## Wrangle report for tweet archive of Twitter user @dog_rates data
Author: Jem Chang  
Date: 11Mar2019  
Purpose: document data wrangling process including gathering, assessing, and cleaning data  

## Table of Contents
<ul>
<li><a href="#env">Environment and tools</a></li>
<li><a href="#gather">Data Gathering</a></li>
<li><a href="#assess">Data Assessing and Cleaning</a></li>
<li><a href="#summary">Summary</a></li>
</ul>

<a id='env'></a>
#### Environment and Tools
The data wrangling process is peformed in the Jupyter Notebook with Python 3.7. The libraries used in this project are pandas, requests, tweepy, json, re, default_timer, matplotlib.pyplot, seaborn, and scipy.stats. %matplotlib inline is added for direct outputs in the notebook. pd.options.display.max_colwidth = 600 is set for avoiding text collapes.  

<a id='gather'></a>
#### Data Gathering  
The datasets for this projects are from the tweet archive of Twitter user @dog_rates (WeRateDogs).    

1. Enhanced Twitter Archive: contains tweet data for all 5000+. Only 2356 records have ratings.   
File name: twitter-archive-enhanced  
Format: csv  
Source: directly download from Udacity website.  

2. Image Predictions File: the output from neural network   
File name: image-predictions  
Format: tsv  
Source: get the data from url = 'https://d17h27t6h515a5.cloudfront.net/topher/2017/August/599fd2ad_image-predictions/image-predictions.tsv'    

| Variable Name  | Definition                                                                                  |
|----------------|---------------------------------------------------------------------------------------------|
| tweet_id       | the last part of the tweet URL after "status/"                                              |
| p1             | the algorithm's #1 prediction for the image in the tweet                                    |
| p1_conf        | how confident the algorithm is in its #1 prediction                                         |
| p1_dog         | whether or not the #1 prediction is a breed of dog                                          |
| p2             | the algorithm's #2 prediction for the image in the tweet                                    |
| p2_conf        | how confident the algorithm is in its #2 prediction                                         |
| p2_dog         | whether or not the #2 prediction is a breed of dog                                          |
| p3             | the algorithm's #3 prediction for the image in the tweet                                    |
| p3_conf        | how confident the algorithm is in its #3 prediction                                         |
| p3_dog         | whether or not the #3 prediction is a breed of dog                                          |

3. Additional Data via the Twitter API  
File name: tweet_json  
Format: txt  
Source: connect Twitter API to download json format text file and use pandas to read into the notebook.  

<a id='assess'></a>
#### Data Assessing and Cleaning
##### Quality
`Enhanced Twitter Archive` table:  
1. The column, text, includes url: the rating, name, and stage might be not all correct, so removing urls is easier for the future cleaning.  
2. The ratings are not all correct: some of ratings are only extracted the decimals instead of the full numbers.

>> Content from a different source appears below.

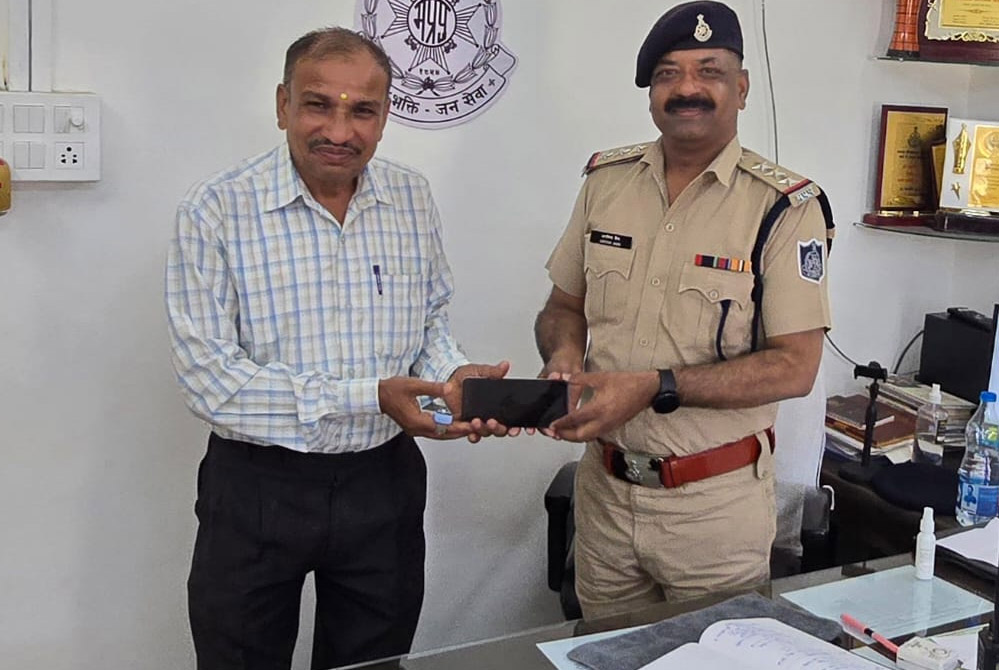 बरबसपुर, शासकीय उचित मूल्य की दुकान में सेल्समेन बालमुकुन्द मिश्रा पिता महेश्वर प्रसाद मिश्रा उम्र करीब 48 साल निवासी ग्राम बम्हनी कोतवाली अनूपपुर द्वारा थाना कोतवाली अनूपपुर में शिकायत दर्ज कराई कि दिनांक 15.08.2024 को अनूपपुर आते वक्त रास्ते में रियल मी कंपनी का 18000 रूपये कीमती स्मार्ट फोन गिरकर गुम हो गया है। जो टी. आई. कोतवाली अरविन्द जैन के द्वारा कालेज छात्र के गुम मोबाईल की रिपोर्ट सी.ई.आई.आर. पोर्टल में दर्ज की जाकर पतासाजी की गई एवं प्रधान आरक्षक महेन्द्र सिहं एवं आरंक्षक अनूप पुषाम के द्वारा गुमा हुआ मोबाईल ग्राम परसवार अनूपपुर से दस्तयाब कर सेल्समेन को सौंपा गया है। अठारह हजार रूपये कीमती गुम हुए मोबाईल के प्राप्त होने पर बालमुकुन्द मिश्रा द्वारा अनूपपुर पुलिस का आभार व्यक्त किया।

I clean numerators and denomiators separatly and set up the cutoffs to filter bigger numbers. And I visually review them and find the logic that causes the incorrect extraction.  
3. The denominator of the ratings should not be 0: originally, there are some 0 denominators in the dataset but after correcting rating, the 0's all gone.  
4. Timestamp is datetime instead of string and the timestamp later than August 1st, 2017 should be removed because there is no image prediction output after the date. 
5. This table should only keep original ratings that have images for the future analysis.
6. Dog stages (doggo, floofer, pupper, puppo) might be not all correct. After checking the stages, they are all extracted correctly from the text.
7. The names are not all correct: I only fix one issue by using IG account as a name if name is missing or is extracted incorrectly. I don't think it will influence the future analysis so I leave others as is. 

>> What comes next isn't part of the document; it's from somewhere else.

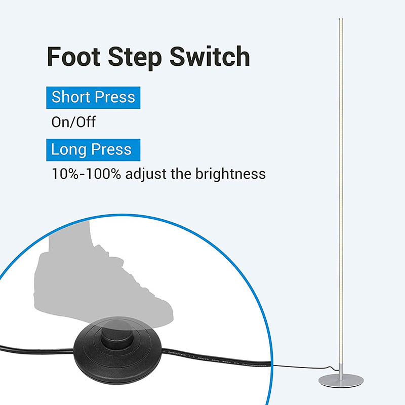 Naše stojací LED lampa byla navržena s ohledem na pohodlí a je vybavena nožním spínačem pro snadné ovládání. Jednoduše sešlápněte spínač pro zapnutí nebo vypnutí lampy, takže ovládání osvětlení je hračka, aniž byste museli hledat tlačítka nebo spínače. Tento promyšlený designový detail vylepšuje celkový uživatelský zážitek a zajišťuje, že ovládání lampy je co nejjednodušší a intuitivní.
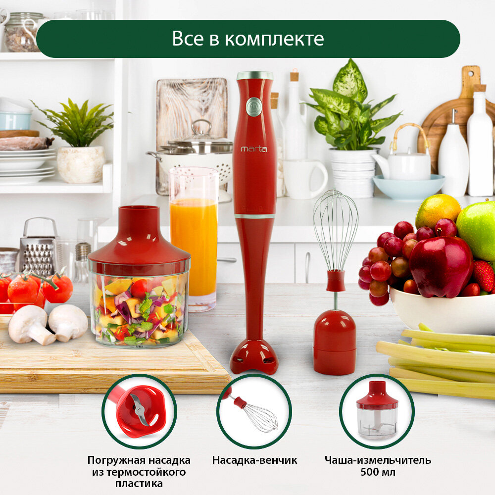 Блендер погружной кухонный комбайн MARTA MT-1570 красный коралл информация:

`Additional Data via the Twitter API` table:  
8. id should be renamed as tweet_id to be consistent with other ids from different tables for the future joining/merging with other datasets.

##### Tidiness  
Based on tidy data rules: https://cran.r-project.org/web/packages/tidyr/vignettes/tidy-data.html  

`Enhanced Twitter Archive` table: column headers are values, not variable names 
1. All the dog stages (doggo, floofer, pupper, puppo) should be transposed into one column, dog_stage. If there are more than one stages, the stages will be concatenated and separated by one space.  

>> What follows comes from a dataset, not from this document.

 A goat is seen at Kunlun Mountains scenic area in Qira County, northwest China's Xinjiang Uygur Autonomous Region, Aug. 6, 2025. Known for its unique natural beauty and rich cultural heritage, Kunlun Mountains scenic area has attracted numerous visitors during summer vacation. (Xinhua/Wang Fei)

`Image Predictions File` table: column headers are values, not variable names  
2. All p1, p2, p3, p1_cof, p2_cof, p3_cof, p1_dog, p2_dog, and p3_dog should be transposed into p, p_conf, p_dog. 
Note: after tidying image prediction table, I do not merge back to tweeter archive file because it will cause that the observations of tweeter archive files increase three times. I only merge them when I perform the analysis instead of the storing data stage.

<a id='summary'></a>
#### Summary  
The most challenging part of the wrangling process is extracting useful information from each tweet. Regular expression is heavily used in this process. After data wrangling, the datasets are ready for analysis and modeling.